Hi again- so at the moment I’m splitting the work of a loop between two GPUs, and using OMP to do so. I’m not expecting this to work well for reasons you have mentioned, but I’m still curious.

Previously I accelerated this loop with just a PGI compute region, and another time with just OMP. Both seemed to work.

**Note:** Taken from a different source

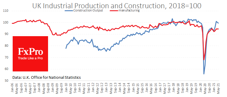 Пакет статистики по Британии, опубликованной в начале дня, усилил опасения, что пик восстановления позади. Месячные оценки отметили рост ВВП за май на 0.8%, почти вдвое слабей средних прогнозов в 1.5%. Обрабатывающая промышленность сократилась на 0.1% вопреки ожиданиям роста на 0.9% после стагнации в апреле. Активность в строительстве снизилась на 0.8% после падения на 0.7% месяцем ранее.

Now, to achieve my goal I have added some code, and changed the do loop slightly:

         call omp_set_num_threads(2)

!$OMP PARALLEL PRIVATE(myid)
             myid = OMP_GET_THREAD_NUM()
             call acc_set_device_num(myid, acc_device_nvidia)
!$OMP END PARALLEL 

             chunk=mm/2

!$OMP PARALLEL PRIVATE(exp1,eyp,wx0,wx1,wy0,
!$OMP&                 wy1,m,i,j,rhog,vfac,kap,th,xt,yt)
!$acc kernels loop
             do 100 m=i*chunk+1,i*chunk+chunk ! previously was do 100 m=1, mm

The second PRIVATE statement is the same one I used in my “just omp” implementation. However, in this case, upon compiling I get:

pgfortran -fast -Msave -mp -acc -Minfo=accel  -c slab.f
ppush:
    288, Generating present_or_copy(y3(:))
         Generating present_or_copy(y1(:))
         Generating present_or_copy(x3(:))
         Generating present_or_copy(x1(:))
         Generating present_or_copyin(u2(:))
         Generating present_or_copy(u3(:))
         Generating present_or_copy(u1(:))
         Generating present_or_copyin(ey(:,:))
         Generating present_or_copyin(ex(:,:))
         Generating present_or_copyin(rwx(:lr))
         Generating present_or_copyin(x2(:))
         Generating present_or_copyin(rwy(:lr))
         Generating present_or_copyin(y2(:))
         Generating present_or_copyin(mu(:))
         Generating present_or_copyin(w2(:))
         Generating present_or_copy(w1(:))
         Generating present_or_copy(w3(:))
         Generating NVIDIA code
         Generating compute capability 1.0 binary
         Generating compute capability 2.0 binary
         Generating compute capability 3.0 binary
    289, Complex loop carried dependence of 'u1' prevents parallelization
         Complex loop carried dependence of 'u3' prevents parallelization
         Loop carried dependence due to exposed use of 'u3(:)' prevents parallelization
         Complex loop carried dependence of 'x1' prevents parallelization
         Complex loop carried dependence of 'x3' prevents parallelization
         Loop carried dependence due to exposed use of 'x3(:)' prevents parallelization
         Complex loop carried dependence of 'y1' prevents parallelization
         Complex loop carried dependence of 'y3' prevents parallelization
         Loop carried dependence due to exposed use of 'y3(:)' prevents parallelization
         Loop carried dependence due to exposed use of 'u1(:)' prevents parallelization
         Loop carried dependence due to exposed use of 'x1(:)' prevents parallelization
         Loop carried dependence due to exposed use of 'y1(:)' prevents parallelization
         Complex loop carried dependence of 'w1' prevents parallelization
         Complex loop carried dependence of 'w3' prevents parallelization
         Loop carried dependence due to exposed use of 'w3(:)' prevents parallelization
         Loop carried dependence due to exposed use of 'w1(:)' prevents parallelization
         Accelerator kernel generated
        295, !$acc loop vector(128) ! threadidx%x
         Loop is parallelizable

and the code crashes at run time. I am wondering: why would these dependencies pop up when they did not appear on the case with just the PGI directives? Looking at the code, I do not see an actual dependency, as demonstrated by the working “just directives” version.

Thanks,
Ben

Hi Ben,

why would these dependencies pop up when they did not appear on the case with just the PGI directives?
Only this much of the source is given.